Better tool-use ability with a higher cost

  • On 10 hard sandboxed Terminal-Bench coding tasks, scored pass/fail by automated tests, M3 solved 5/10, and Kimi K2.7 solved 5/10. Kimi spent about 2.4 times as much doing it.

  • They solved the same four coding tasks. The extra M3 solve was path-tracing-reverse, a path-tracer reverse-engineering task, where M3 finished after 134 model-to-terminal round trips, and Kimi timed out even with the doubled time budget.
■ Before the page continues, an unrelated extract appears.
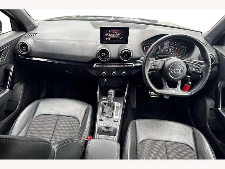 Audi drive select, Audi smartphone interface, Automatic start/stop system with recuperation, Bluetooth interface includes bluetooth audio streaming, Cruise control, MMI - Multi Media Interface control system, MMI SD card integrated nav with 3D map display, dynamic route guidance with TMC, MMI search, natural voice recognition and myAudi special destinations, Power operated tailgate, Progressive steering, Service interval indicator, Dynamic suspension, 2 x SDXC card reader, Audi music interface - apple iPod, apple iPhone, USB storage media, compatible MP3 players, 2 x USB charging points and 1 x Aux-in, CD Drive, DAB digital radio and AM/FM radio, MMI radio plus with 7" colour MMI screen and MMI controller, Black window trims, Bumper in full body colour paint finish, Chrome exhaust tailpipe, Electrically adjustable and heated door mirrors with integrated LED side indicators, Front and rear electric windows, Front underbody guard and rear diffuser trim in selenite silver, Front windscreen with grey tinted sunband, Headlight washers, Interior mirror, LED headlights with LED rear lights + dynamic rear indicators, LED indicator lights, Manual folding door mirrors, Privacy glass - dark tinted rear and rear side windows from B-pillar backwards, Rain and light sensors, Rear wiper, S Line body styling - front and rear bumpers, side skirts, radiator grille, rear diffuser insert and front air intakes, 3 spoke flat bottomed high multi-function leather sport steering wheel with gearshift paddles, 60/40 split folding rear seat bench, Black cloth headlining, Floor mats with contrast stitching, Front centre armrest, Front headrests, Front sport seats with S embossed logo, Height/reach adjust steering wheel, Illuminated door sill trims with S logo, ISOFIX child seat mounting for front passenger with airbag deactivation and outer rear seat including top tether attachment point for outer rear seats, Manual seat adjustment including seat height adjustment for front seats, Stainless steel pedals, Storage compartments - Glovebox, cupholder compartment in centre console, storage compartment in rear centre console, front and rear door pockets, Three rear headrests, Black styling pack - Q2, LED interior lighting pack - Q2, Non smoking pack - Q2, 3x3 point rear seatbelts, 6 airbags - Front, curtain and front side airbags, Electromechanical parking brake, Electronic stabilisation control including ABS, ASR and EDL, Extended and proactive pedestrian protection, Hill hold assist, Multi collision brake assist, Pre-sense front with pedestrian recognition, Seatbelt monitoring, Tyre pressure warning light, Warning triangle and first aid kit, Anti theft alarm, Anti theft wheel bolts, Central locking system with remote control key, Electronically operated child locks, Aluminium interior element, Black inlays - decorative trims in black for centre console and front and rear door pull handles,

  • On the 25-task Composio tool-use suite across Gmail, Slack, Drive, GitHub, Calendar, Reddit, Notion, and web search, scored from 0 to 1, M3 averaged 0.75, and Kimi averaged 0.72. The scores were close.

  • The cost gap widened on tool use: M3 cost $0.81 across the 25 Composio tasks, while Kimi cost $4.08, about 5x more.
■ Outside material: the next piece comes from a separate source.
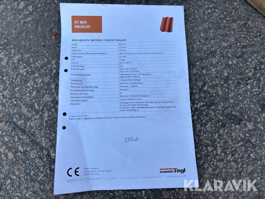 Taktegel Höjslev 2 kupig ofalsad 280 st

  • In my runs, M3 had the clearer edge on hard terminal coding. Every day, SaaS tool orchestration was effective.

For my use, M3 comes out ahead in both sets, with different margins. It wins clearly on agentic terminal coding and costs about a third per solved task. Real tool use was close enough to be treated as a near tie.

Intro to MiniMax M3

MiniMax M3 is MiniMax’s open-weight model aimed pretty directly at coding-agent work. It pairs a 1,048,576-token context window with low pricing and native tool calling. Here, tool-calling refers to structured requests to run shell commands, inspect files, edit code, or call external services.

The main spec is the context window: 1,048,576 (1M) tokens. That gives an agent room to keep much more repo state, logs, and previous attempts in view before it has to start trimming context.
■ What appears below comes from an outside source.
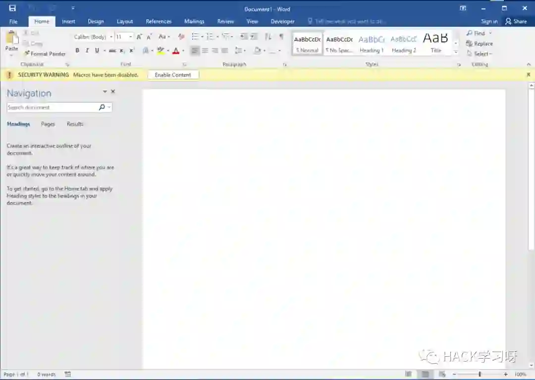 虽然有一个新的弹出窗口,但它不会影响Payload。这只是因为.docx文件不包含宏。如果用户单击“启用内容”或将宏设置为自动运行,那么我们将拿到肉鸡:

On price, M3 is cheap: $0.30 per million input tokens and $1.20 per million output tokens on OpenRouter. I watch the output side closely with coding agents, since patches, retries, tool calls, and long explanations can quietly run up the bill. M3 keeps that meter low.

Intro to Kimi K2.7

Kimi K2.7 is Moonshot AI’s open-weight model in this matchup. It has a 262,144-token context window and native tool-calling, and Moonshot positions it as a step up from K2.7. That made it worth testing for agent work. Tool-calling matters when the model has to request external actions, wait for results, and continue from there.

In normal terms, 262K is big, though it is smaller than MiniMax M3’s 1,048,576 tokens. I still take 262K seriously, since an agent can carry a lot of repo state, as well as logs and tool outputs. It just has less room to be sloppy about history than M3.

Price: $0.68 per million input tokens and $3.41 per million output tokens on OpenRouter. M3 is $0.30 in and $1.20 out, so K2.7 output is about 2.8x more expensive. In agent loops, output tokens pile up fast because the model keeps explaining each move, calling tools, reading results, and trying again.

How I tested this

I ran two head-to-head tests. In each one, I kept the harness fixed and changed only the model ID, minimax/minimax-m3 versus moonshotai/kimi-k2.7.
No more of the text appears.